Young Americans have come up with a pretty straightforward plan to stay out of debt:Don’t get into it in the first place.
A new study by the Pew Research centre shows millennials today are holding off on the pricey norms of “the real world” until they have more money in their bank accounts.
Photo: Pew Research centre
If that means shacking up, driving a clunker, passing up marriage and putting off baby plans, then so be it.
So far, this strategy looks like it’s working.
The amount of debt in under-35 households fell by a 29 per cent between 2007 to 2010, Pew reports. In contrast, debt of over-35 households fell by just 8 per cent.
Here are a few telling finding from Pew’s report:
- Homes: The number of young adults owning their own houses fell 6 per cent during the recession, from 40 per cent in 2007 to 34 per cent in 2010.
- Cars: A little more than half of young adults have a vehicle to their name. But the number of under-25 households with a car dropped from 73 per cent in 2007 to 66 per cent in 2010.
- Credit cards: Younger people also are being more careful when it comes to credit.

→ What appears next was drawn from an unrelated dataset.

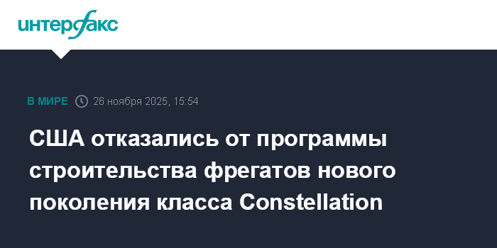 Москва. 26 ноября. INTERFAX.RU - ВМС США отменили программу строительства серии фрегатов класса Constellation нового поколения и рассматривают возможность создания взамен малых надводных боевых кораблей, сообщил в соцсети министр американских военно-морских сил Джон Фелан.

The number of people carrying credit card debt in the younger generation dropped from 48 per cent in 2007 to 39 per cent in 2010.
There’s just one area where young people are still struggling: Student debt.
People under age 35 saw their student loan bills grow by 34 per cent in 2007 to 40 per cent in 2010. In comparison, only 26 per cent of the same age group had student debt in 2001.